Snape respirou fundo e antes de fechar os olhos, antes de mergulhar no escuro avistou Hermione no fundo da sala parecendo prender a respiração, ela o olhou de volta e uma lágrima traiçoeira escapou-lhe dos olhos. Uma lágrima por ele.
- Feche os olhos, Severus.
Foi difícil deixar de olhar para ela, mas a mão pequenina segura em baixo da sua lhe lembrou o seu objetivo, lembrou-lhe o porquê ele estava ali deitado, o porquê estava arriscando sua vida.
Harry.
A varinha de Dumbledore encostou levemente em sua testa e Snape sentiu o feitiço da magia atingir seu corpo com força. Era leve e tranqüila, dava sono.
- Amenomenti.
Depois sentiu a varinha encostar em seu peito.
- Amenocor.
Ouviu o diretor repetir as mesmas palavras encostando a varinha na testa e no peito de Harry. Por fim sentiu a ponta da varinha voltar a encostar em sua pele, desta vez em sua mão. Dumbledore hesitou por míseros segundos antes de recitar o ultimo feitiço.
- Amenouni.
Era como se uma gosma gelada o envolvesse, começando pela mão e cobrindo o restante do corpo. Aquela sensação era desconfortante e dolorida. Por alguns segundo conseguiu permanecer quieto e agüentar a dor que subia por sua pele como cortasse sua epiderme. Mas quando sentiu a dor atingir seus músculos, atravessando-os e chegando aos ossos teve que cerrar os dentes, jogar a cabeça para trás e arquear o corpo.

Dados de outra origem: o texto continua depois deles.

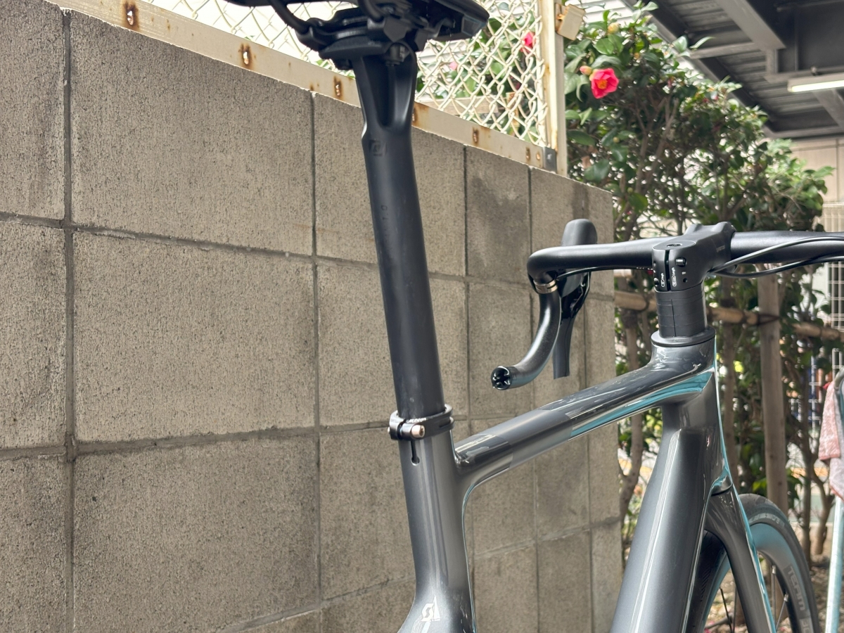 フレームは一世代前のモデルのため、ダウンチューブ下のストレージはありません。無駄をそぎ落としたい人ならこちらがあってる人も少なくないと思います。元々ついてくるシートポストも高性能なカーボン製シートポストなのですが、より汎用性の高い丸形状のため、お好きなシートポストに変更可能です。

Agora parecia que uma camada de gelo começava a cristalizar e paralisar seu corpo. Não havia mais controle sobre suas ações, suas pernas estavam imóveis e a dor prosseguia por seu caminho tortuoso queimando-lhe a razão.
- O que está havendo com ele? – Ouviu a voz de Granger ao longe, parecia algo que não pertencia mais ao seu mundo. Algo distante demais.

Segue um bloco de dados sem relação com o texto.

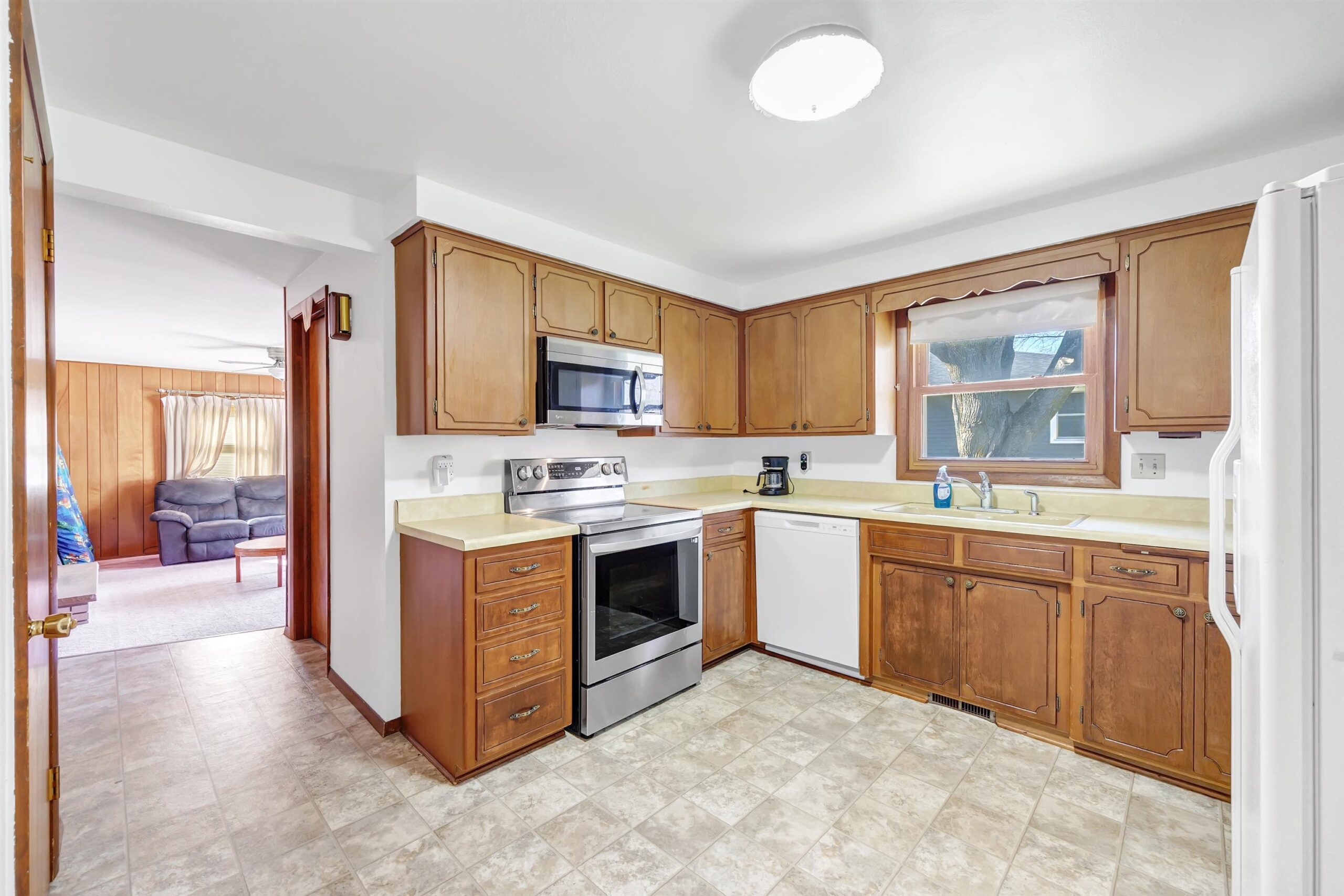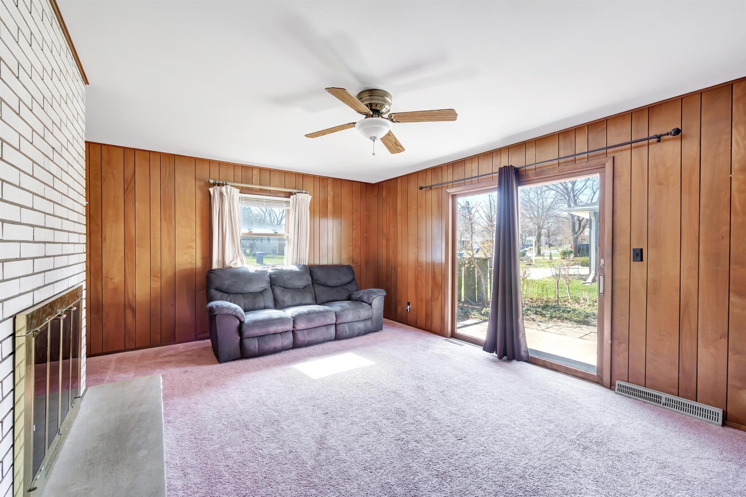 Convenient west side location for this spacious 3-bed 1.5 brick-front ranch home. Large front living room. e bedrooms with hardwood floors. Back Family room with wood-burning fireplace on the main level leading to a private patio. Newer central air. Newer gutter guards. Open and dry basement for future expansion. All appliances included. 2.5-stall attached garage.

- Ele está saindo do seu corpo e se unindo a mente de Harry, isso é um pouco dolorido.
Se Snape tivesse forças para revidar teria gritado com o diretor. Aquilo não era um pouco dolorido, era muito dolorido. Era como se sua pele estivesse se desgrudando de seus músculos, como se seus ossos estivessem quebrando em mil pedaços, era como se ele estivesse morrendo. Mas foi só quando a sensação de congelamento começou que Snape gritou com todas as suas forças. Ele não sentia mais as dores, mas aquilo era pior, muito pior, agora ele não sentia nada. Seu corpo não estava mais em seus domínios, não podia mais senti-lo. Agora era como se seu corpo estivesse sendo molhado, imerso em um oceano gélido.
A sensação da água subia cada vez mais por seu corpo até que finalmente atingiu seu coração, desacelerando-o, fazendo-o bater mais devagar, fazendo-o parar. Ele estava morrendo.

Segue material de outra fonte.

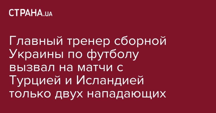 Главный тренер сборной Украины по футболу вызвал на матчи с Турцией и Исландией только двух нападающих

Mas então por que aquela sensação continuava a subir, porque estava agora em seu pescoço rodeando sua cabeça e entrando por sua boca deslizando-o por um túnel sem fim?
Ele estava morto, não estava?
A experiência tinha dado errado, não conseguira salvar Harry como pensara que conseguiria.
Falhou com ele.
Não falhou?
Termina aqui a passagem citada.